→ **Task goal**
A faithful copy of the data, pictures omitted, is the required answer.

→ **Data block**
══════════

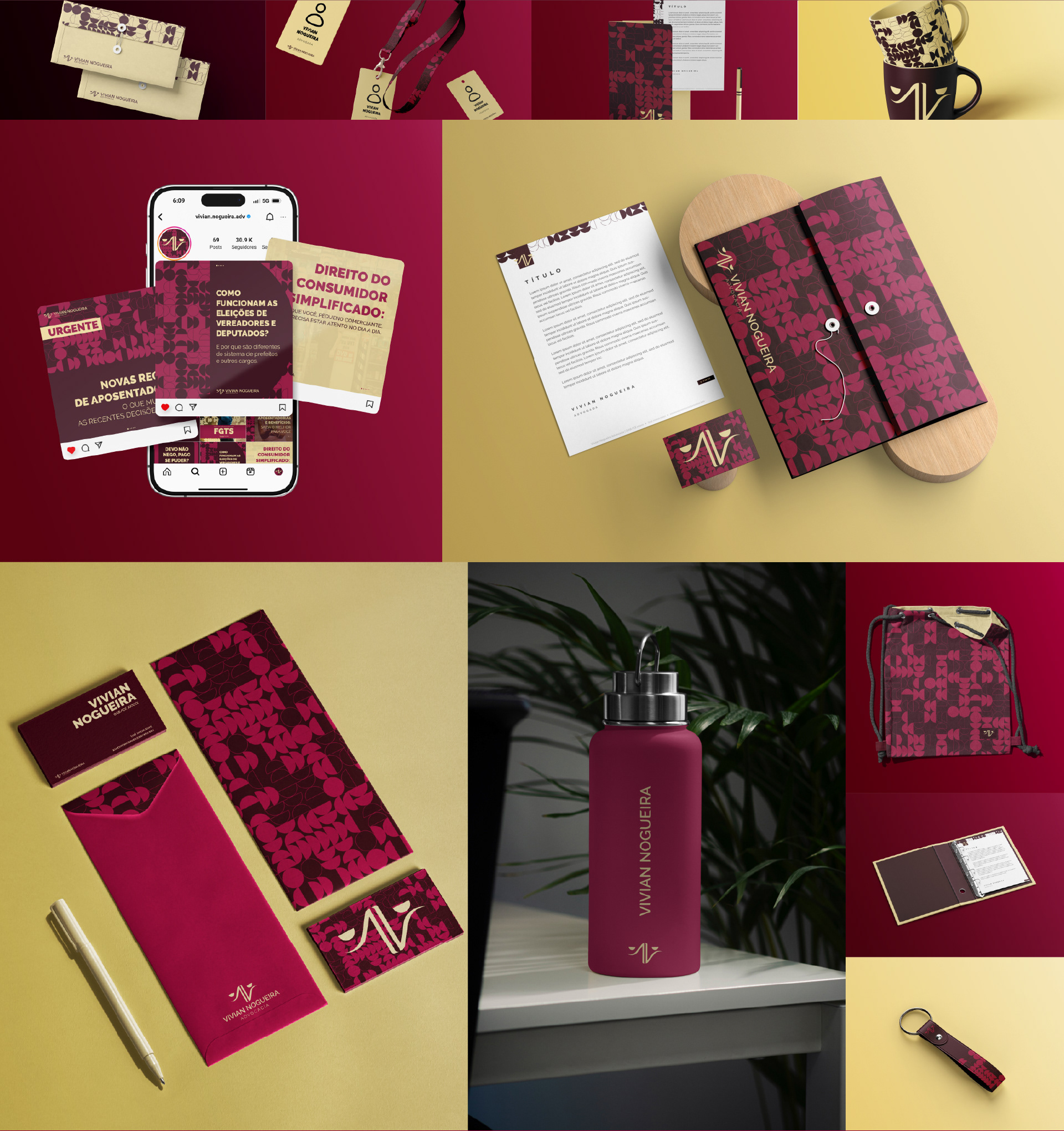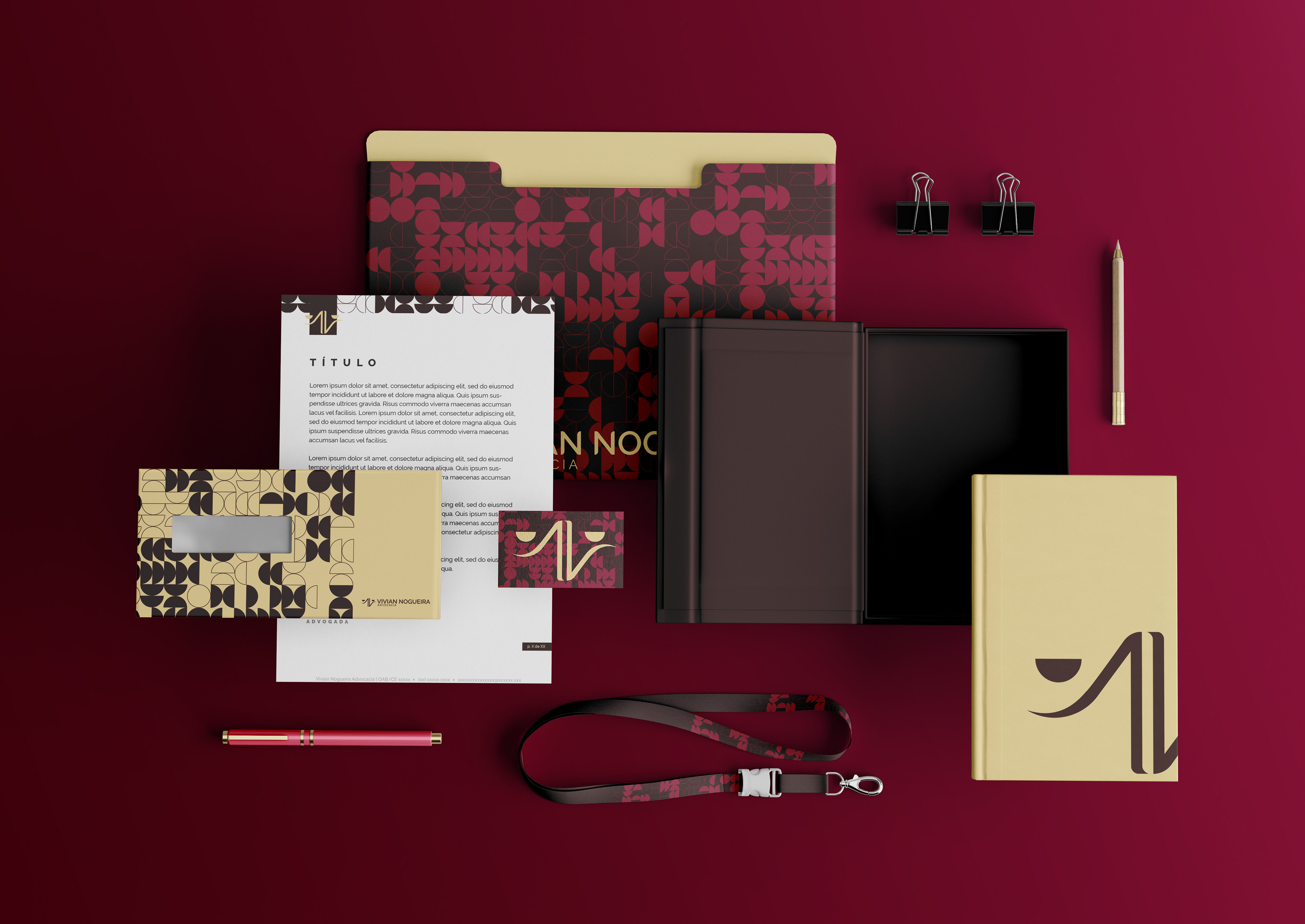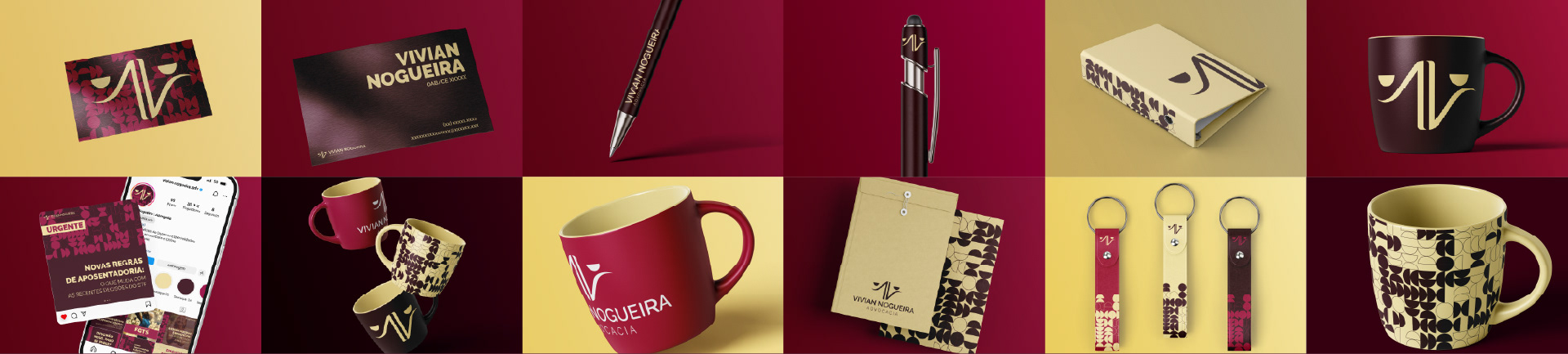 Este projeto é uma atualização de uma identidade visual feita em 2022 para uma advogada. Vivian Nogueira Advocacia nasce de um desejo de causar um impacto forte e feminino no mundo. O novo visual recaiu especialmente sobre o símbolo e as cores da marca, para alinharem melhor os objetivos da marca com o sistema visual.
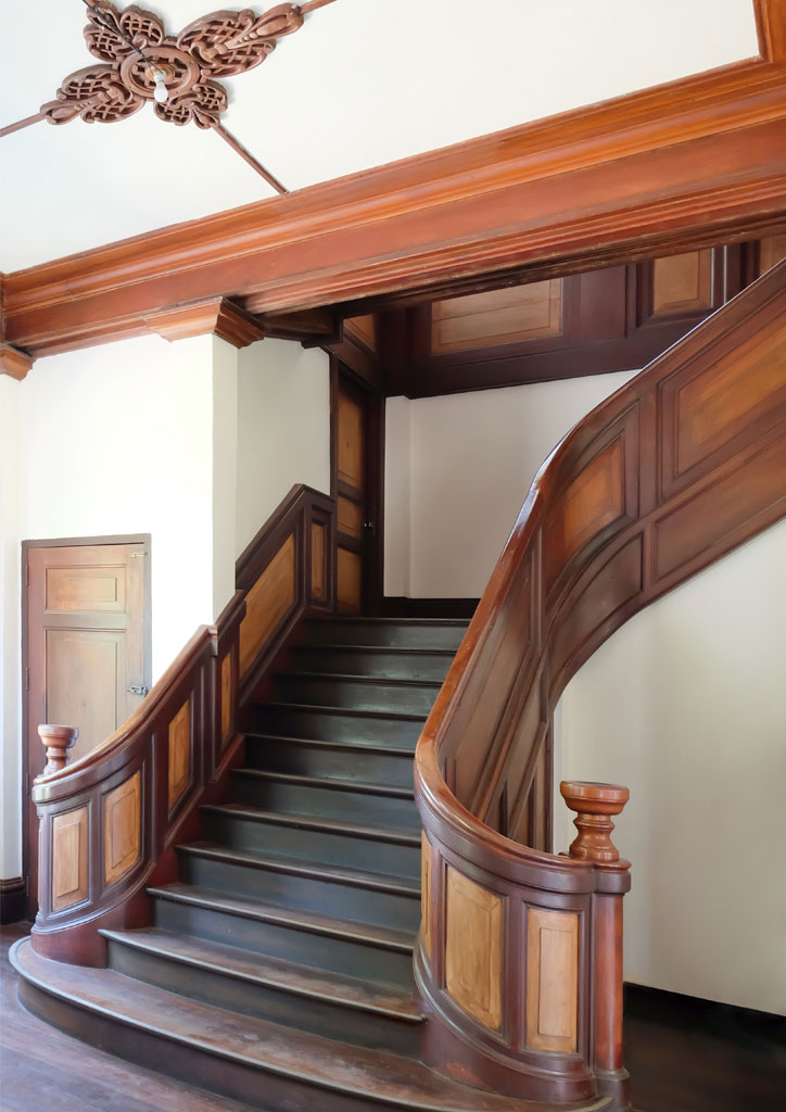 Built in 1926, the Molo Mansion is defined by its American Colonial architecture with Neoclassical and subtle Art Deco features. From the gate, visitors are dropped off at the roundabout with a fountain at the center, and led up to the semi-circular arcaded portico with a terraced veranda on the ground floor and a balcony on the second floor.
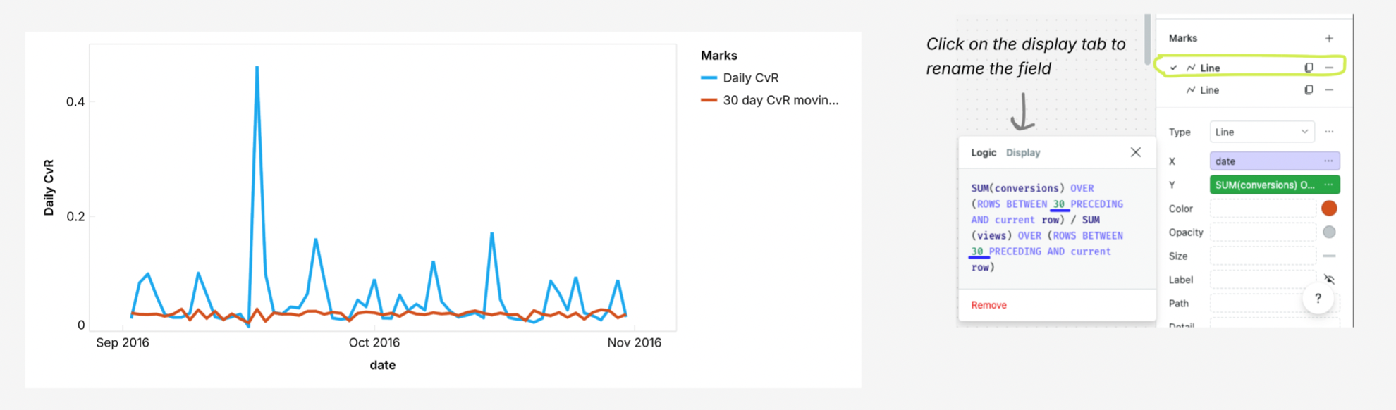 - Create an initial Mark (e.g. daily conversion rate) using a calculated field
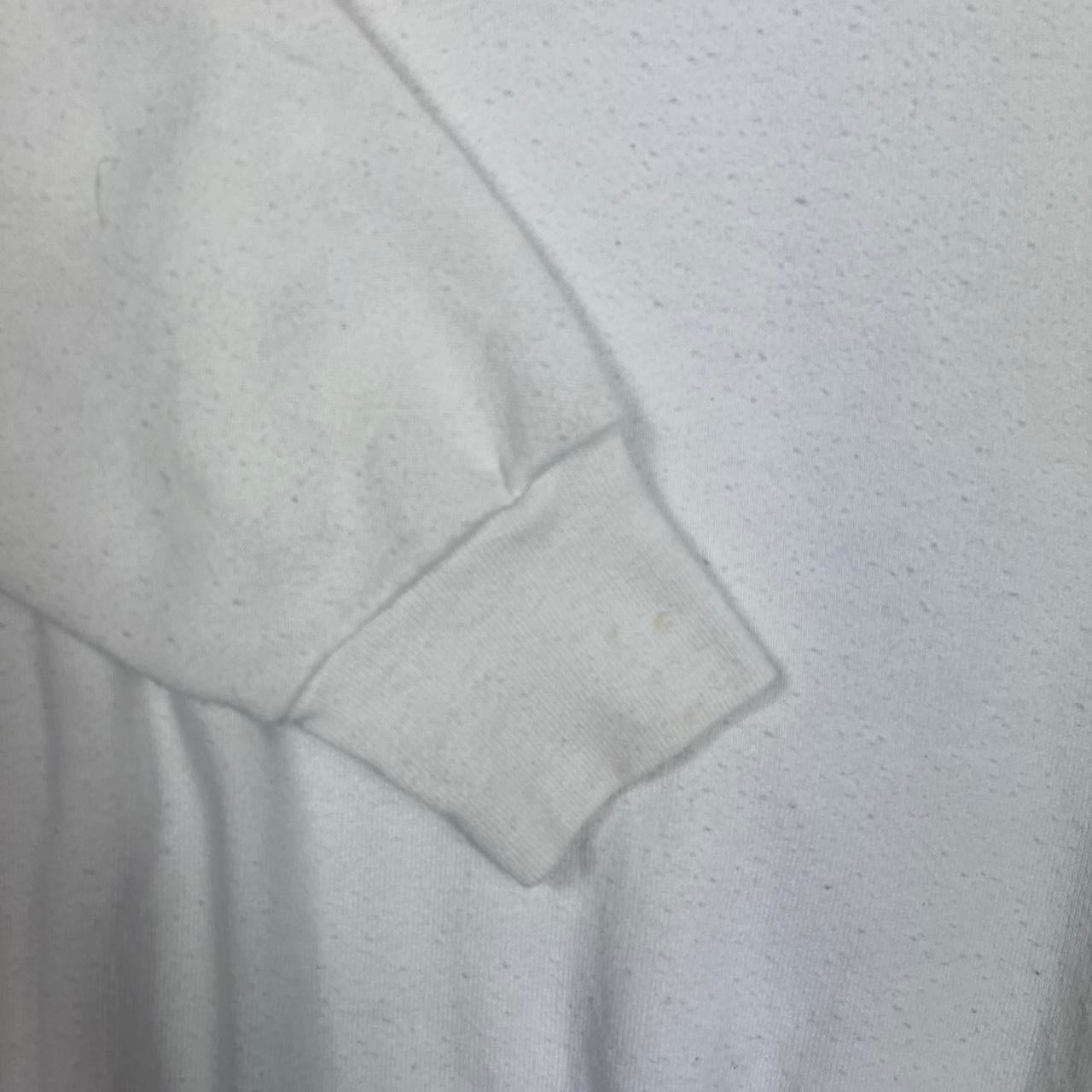 Yellowing on sleeve and on front shown in pictures

══════════

→ **Response to the task**
 Este projeto é uma atualização de uma identidade visual feita em 2022 para uma advogada. Vivian Nogueira Advocacia nasce de um desejo de causar um impacto forte e feminino no mundo. O novo visual recaiu especialmente sobre o símbolo e as cores da marca, para alinharem melhor os objetivos da marca com o sistema visual.
 Built in 1926, the Molo Mansion is defined by its American Colonial architecture with Neoclassical and subtle Art Deco features. From the gate, visitors are dropped off at the roundabout with a fountain at the center, and led up to the semi-circular arcaded portico with a terraced veranda on the ground floor and a balcony on the second floor.
 - Create an initial Mark (e.g. daily conversion rate) using a calculated field
 Yellowing on sleeve and on front shown in pictures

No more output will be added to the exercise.